Notice of Pre-AIA or AIA Status
The present application, filed on or after March 16, 2013, is being examined under the first inventor to file provisions of the AIA .
Status of the Application
This final office action is in response to the amendment filed on 11/10/2025. Claims 1, 8, 14, and 17 have been amended. Claims 1-20 are currently pending and have been examined below.
Claim Rejections – 35 U.S.C. 101
35 U.S.C. 101 reads as follows:
Whoever invents or discovers any new and useful process, machine, manufacture, or composition of matter, or any new and useful improvement thereof, may obtain a patent therefor, subject to the conditions and requirements of this title.
Claims 1-20 are rejected under 35 U.S.C. 101 because the claimed invention is directed to an abstract idea without significantly more.
Per step 1 of the eligibility analysis set forth in MPEP § 2106, subsection III, the claims are directed towards a process, machine, or manufacture.
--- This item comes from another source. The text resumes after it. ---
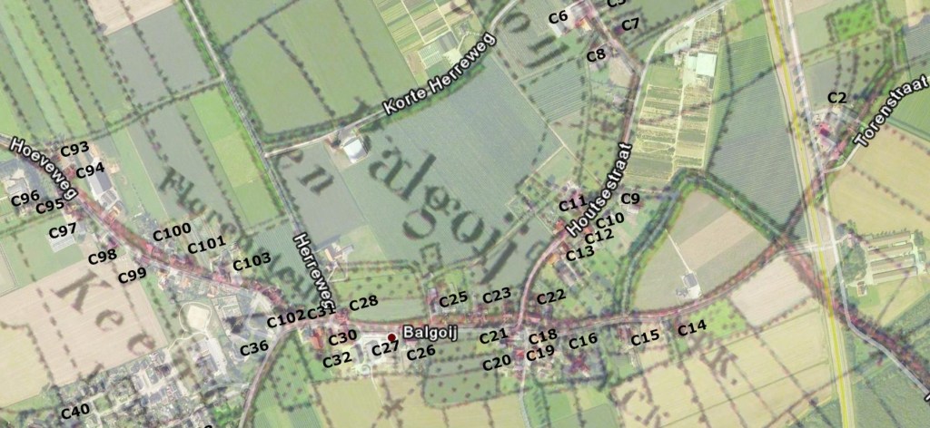 De interesse in de familie Kersten gaat verder dan alleen het verhaal hierboven. De naam Kersten komt ook voor in de eigen familie. De oma van mijn echtgenote Ans Jans was Hanna Kersten. De gemeenschappelijke link tussen Hanna en Harrie Kersten is Christianus Kersten, geboren in 1792 te Wijchen. Zijn zoon Petrus trouwde in bij de familie van Luenen (wijknummer C13 in Balgoy) en een andere zoon Hendricus Kersten trouwde met Elisabeth de Bruijn. Hendricus Kersten op zijn beurt is ingetrouwd bij zijn schoonvader Arnoldus de Bruijn. Hendricus Kersten en Elisabeth de Bruijn trouwen in Balgoy op 28 april 1876. Dit verhaal is ook al eerder opgeschreven (Hanna Kersten trouwt met Piet Jans uit Escharen – over burgemeesters en gemeentesecretarissen | Piet’s Blog: Balgoyse mins). Het adres nadat Balgoy gemeente Overasselt was geworden in 1923 werd Wijk C nummer 30. Al heel snel veranderde de wijknummering weer en werd het Wijk C nummer 27 (Bron: Bevolkingsregister gemeente Overasselt 1924 – 1931). C27 is terug te vinden op het kaartje van Balgoy met wijknummers uit 1931. Nu is de straatnaam Torenstraat, maar de boerderij staat er sinds 2023 niet meer. Meer dan twee eeuwen lang werd er geboerd op die plek in het centrum van Balgoy. Op die bijzondere plek midden in Balgoy prijken nu zes nieuwe huizen – twee speciaal ontworpen voor senioren en vier twee-onder-één-kap-woningen (Boerderij in centrum van Balgoy maakt na meer dan twee eeuwen plaats voor zes woningen | Piet’s Blog: Balgoyse mins).

Per step 2A Prong One, independent claim 17 recites specific limitations which fall within at least one of the groupings of abstract ideas enumerated in MPEP 2106.04(a)(2) as follows:
acquiring an attribute of a customer who is visiting a store;
generating an inquiry prompt for providing a promotional recommendation of merchandise items for sale at the store to the customer, the inquiry prompt being generated based on condition information including at least the acquired attribute of the customer;
based on description information in the generated response, extracting a merchandise item from among the merchandise items available for sale at the store as listed in a merchandise master of the store; and
generating sales promotion information for the extracted merchandise item based on merchandise information of the extracted merchandise item and the description information about the merchandise item in the generated response.
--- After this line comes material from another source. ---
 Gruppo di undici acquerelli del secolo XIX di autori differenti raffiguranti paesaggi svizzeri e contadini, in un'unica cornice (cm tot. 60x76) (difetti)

As noted above, these limitations fall within at least one of the groupings of abstract ideas enumerated in MPEP 2106.04(a)(2). Specifically, these limitations fall within the group Certain Methods of Organizing Human Activity (i.e., commercial or legal interactions (including agreements in the form of contracts; legal obligations; advertising, marketing or sales activities or behaviors; business relations). That is, the limitations recited above describe the process of generating sales promotion information based on customer attributes which is an advertising activity. Additionally, the steps above also fall within the mental process groupings of abstract ideas because they cover concepts performed in the human mind, including observation, evaluation, judgment, and opinion. See MPEP 2106.04(a)(2), subsection III. Specifically, a human being can mentally (or with pen and paper) acquire a customer attribute, generate an inquiry prompt, extract a merchandise item, and generate sales promotion information. Accordingly claim 17 recites an abstract idea.
This judicial exception is not integrated into a practical application. The claim recites the additional elements of:
[acquiring] at a server device of an in-store customer product recommendation system, an attribute of a customer from an edge device, the customer using the edge device and who is visiting a store adopting the in-store customer product recommendation system:
[generating], at the service device, [an inquiry prompt];
inputting the inquiry prompt to a generative Al stored in a memory unit of the server device, the generative Al having been functionalized to generate a response to the inquiry prompt and acquire the generated response from the generative Al; and
outputting the generated sales promotion information from the server device to the edge device via a communication network.
The additional limitations when viewed individually and when viewed as an ordered combination, and pursuant to the broadest reasonable interpretation, do not integrate the abstract idea into a practical application because each of the additional elements are recited at high level of generality implementing the abstract idea on a computer (i.e. apply it) or generally linking the use of the judicial exception to a particular technological environment. Specifically,
With respect to the limitation, [acquiring] at a server device of an in-store customer product recommendation system, an attribute of a customer from an edge device, the customer using the edge device and who is visiting a store adopting the in-store customer product recommendation system, Examiner notes that this limitation is recited at a high level of generality and merely generally links the abstract idea to a particular technological environment (i.e., a generic device in a store and a generic server to transmit a recommendation to the device). See spec paragraph [0021] “the edge device 1 may also be a device of various kinds serving as a contact point between a customer visiting a store and the information processing system S or a system incorporating such a device. For example, the edge device 1 may be an information processing device such as a self-service point-of- sale (POS) terminal, a smartphone of the customer, or a tablet terminal provided at the store for customer use.”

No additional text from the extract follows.